Brideshead Revisited(111)



‘It is. I was wondering when I should meet someone I know.’

‘Mrs Hawkins is up in her old room. I was just taking her some tea.’

‘I’ll take it for you, I said, and passed through the baize doors, up the uncarpeted stairs, to the nursery.

Nanny Hawkins did not recognize me until I spoke, and my arrival threw her into some confusion; it was not until I had been sitting some time by her fireside that she recovered her old calm. She, who had changed so little in all the years I knew her, had lately become greatly aged. The changes of the last years had come too late in her life to be accepted and understood; her sight was failing, she told me, and she could see only the coarsest needlework. Her speech, sharpened by years of gentle conversation, had reverted now to the soft, peasant tones of its origin.
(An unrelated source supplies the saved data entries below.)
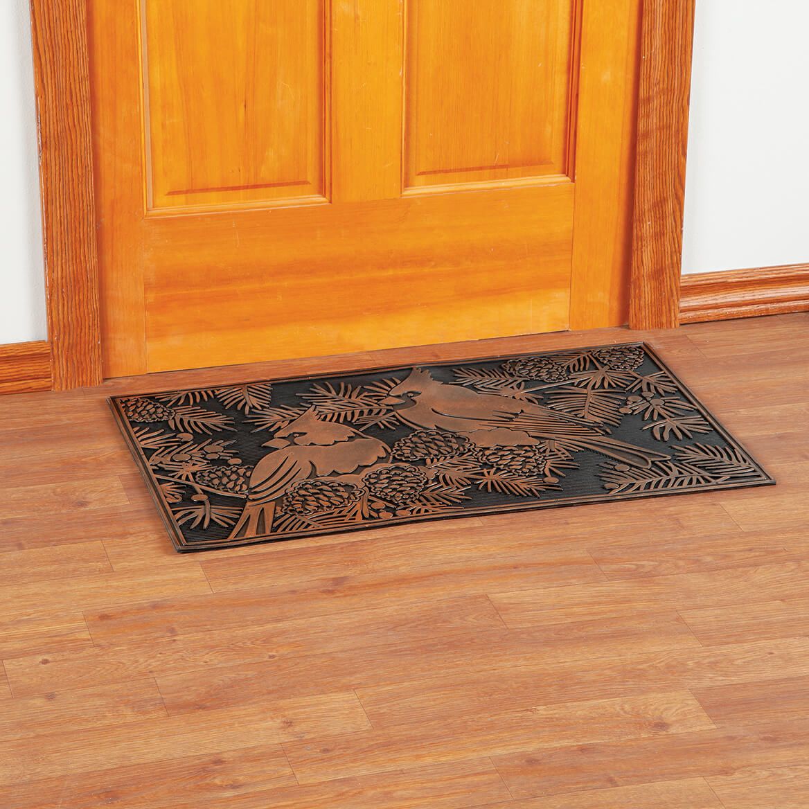 - This Cardinal Gold Finish Door Mat's striking gold on black lends sophisticated style to your entryway. Its stunning depiction of cardinals perched on detailed pine boughs elegantly welcomes guests, while its texture cleans their shoes as they walk through the door. Mildew-resistant, anti-slip rubber is durable for year-round outdoor or indoor use. Welcome doormat weighs 4.2 lbs. Sweep or shake to clean. 18" x 30".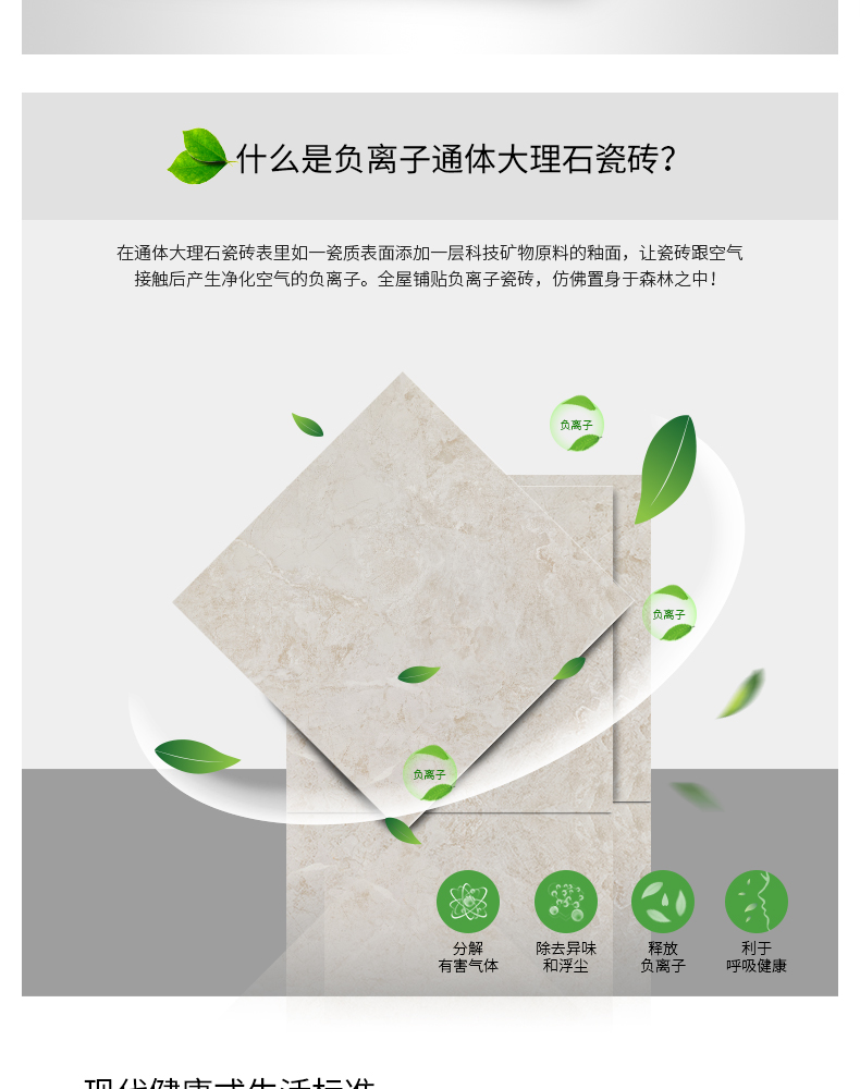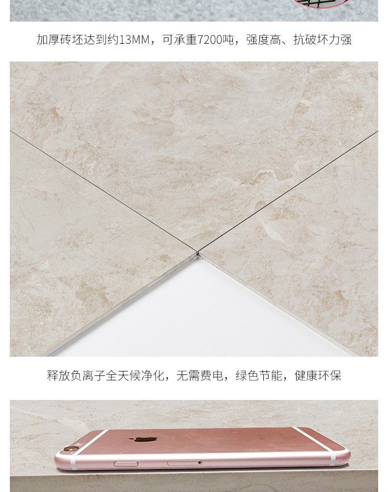 金曼古負離子瓷磚,能持續(xù)產生負離子,提高居室內空氣負離子濃度,改善室內空氣質量,提升人體健康水平。負離子被稱為空氣維生素,負離子瓷磚創(chuàng)造安全健康的空間環(huán)境。工程用磚全拋釉地磚、通體大理石瓷磚、金剛石地磚等支持加工定做家裝瓷磚批發(fā)。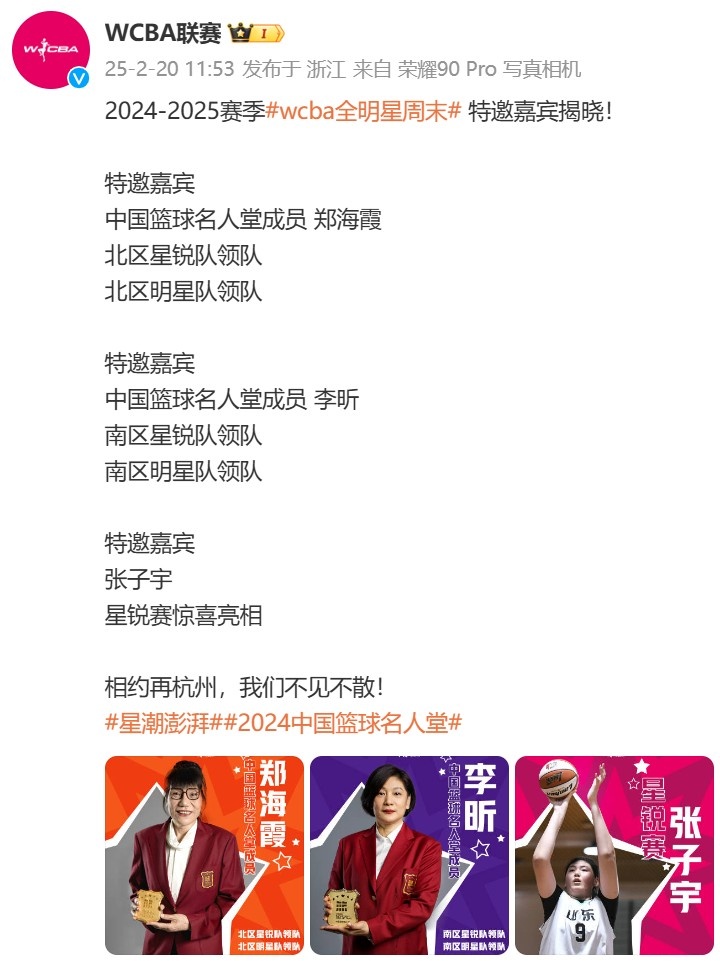 2月20日訊 本周末,本賽季的WCBA全明星賽將會在杭州黃龍?bào)w育中心舉行。WCBA聯(lián)賽官方微博發(fā)文公布了三位特邀嘉賓,分別是鄭海霞、李昕和張子宇,原文如下: 標(biāo)簽: CBA 中國籃球 籃球 WCBA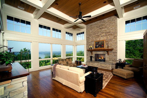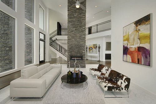 Wenn Sie ein geräumiges Wohnzimmer mit großen Fenstern haben, in denen das Licht den Raum durchflutet, verkleiden Sie die gegenüberliegende Wand mit Naturstein. So erzielen Sie einen wahren Betäubungseffekt. Das am besten geeignete Material für Fußböden ist auch Naturstein, nämlich Marmor oder Travertin.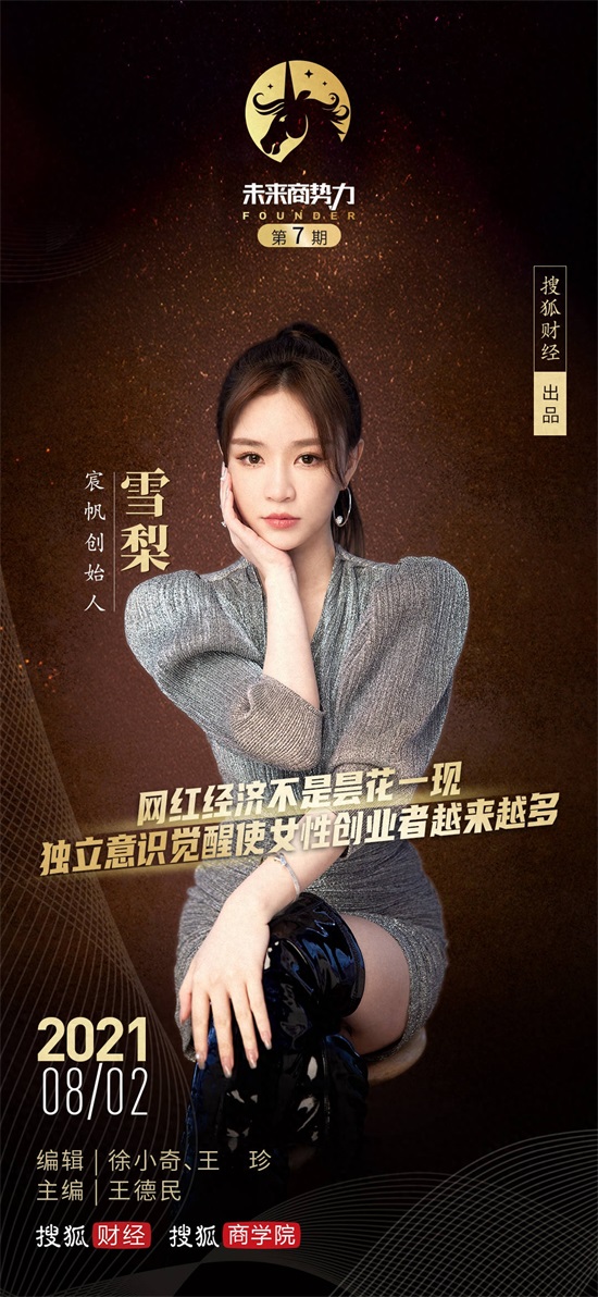 雪梨:我身份比较多,最早是网络红人、淘宝店店主,慢慢地成为青年企业家、女性企业家,到现在是雪梨直播间的主播。我身上有很多标签,但我不会刻意去成为任何一个标签。我会尽量做好我的每一个角色。不希望别人定义自己,未来有无限可能。
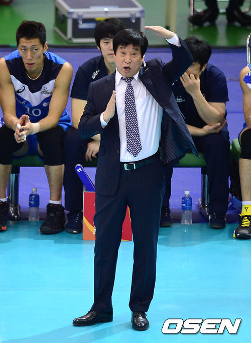 2세트 현대캐피탈 김호철 감독이 선수들에게 작전을 지시하고 있다.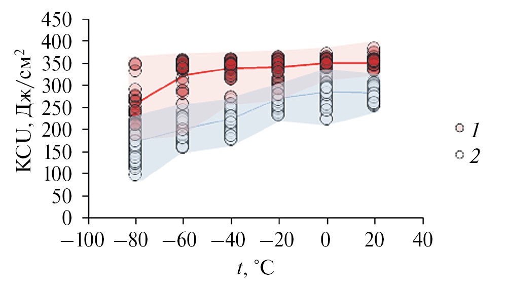 Рис. 3. Температурные зависимости ударной вязкости, полученные по результатам множественных испытаний на ударный изгиб, для сталей 1 и 2.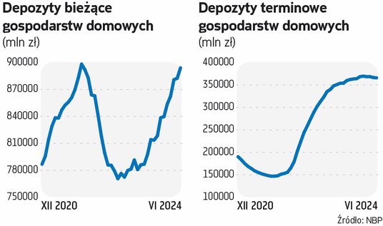 Pytanie, czy to oznaka zwiększonej skłonności do oszczędzania, czy przygotowywania do wzrostu wydatków. Bo czerwcowy wzrost oszczędności składał się ze zwiększonej o nieco ponad 11,5 mld zł wartości depozytów bieżących i zmniejszonego o ponad 700 mln zł salda depozytów terminowych. Ta tendencja jest widoczna od początku roku: depozyty bieżące wzrosły w ciągu sześciu miesięcy o 55,5 mld zł, a terminowe – zaledwie o 1,7 mld zł! Wygląda to na zwycięstwo banków, które wolą konta oszczędnościowe od lokat terminowych. Wbrew pozorom bowiem trwałość rachunków oszczędnościowych jest większa niż lokat, tzw. osad utrzymuje się na nich dłużej. Lokata terminowa może zostanie odnowiona, a może nie. A raczej nie, ze względu na to, że odnowienie oznacza standardowe, znacznie niższe od promocyjnego oprocentowanie. Dlatego też to konta oszczędnościowe są lepszą dla banków podstawą finansowania kredytów.

‘…only myself here and the two girls and poor Father Membling who was blown up, not a roof to his head nor a stick of furniture till Julia took him in with the kind heart she’s got, and his nerves something shocking…Lady Brideshead, too, Marchmain it is now, who I ought by rights to call her Ladyship now, but it doesn’t come natural, it was the same with her. First, when Julia and Cordelia left to the war, she came here with the two boys and then the military turned them out, so they went to London, nor they hadn’t been in their house not a month, and Bridey away with the yeomanry the same as his poor Lordship, when they were blown up too, everything gone, all the furniture she brought here and kept in the coach-house. Then she had another house outside London, and the military took that, too, and there she is now, when I last heard, in a hotel at the seaside, which isn’t the same as your own home, is it? It doesn’t seem right.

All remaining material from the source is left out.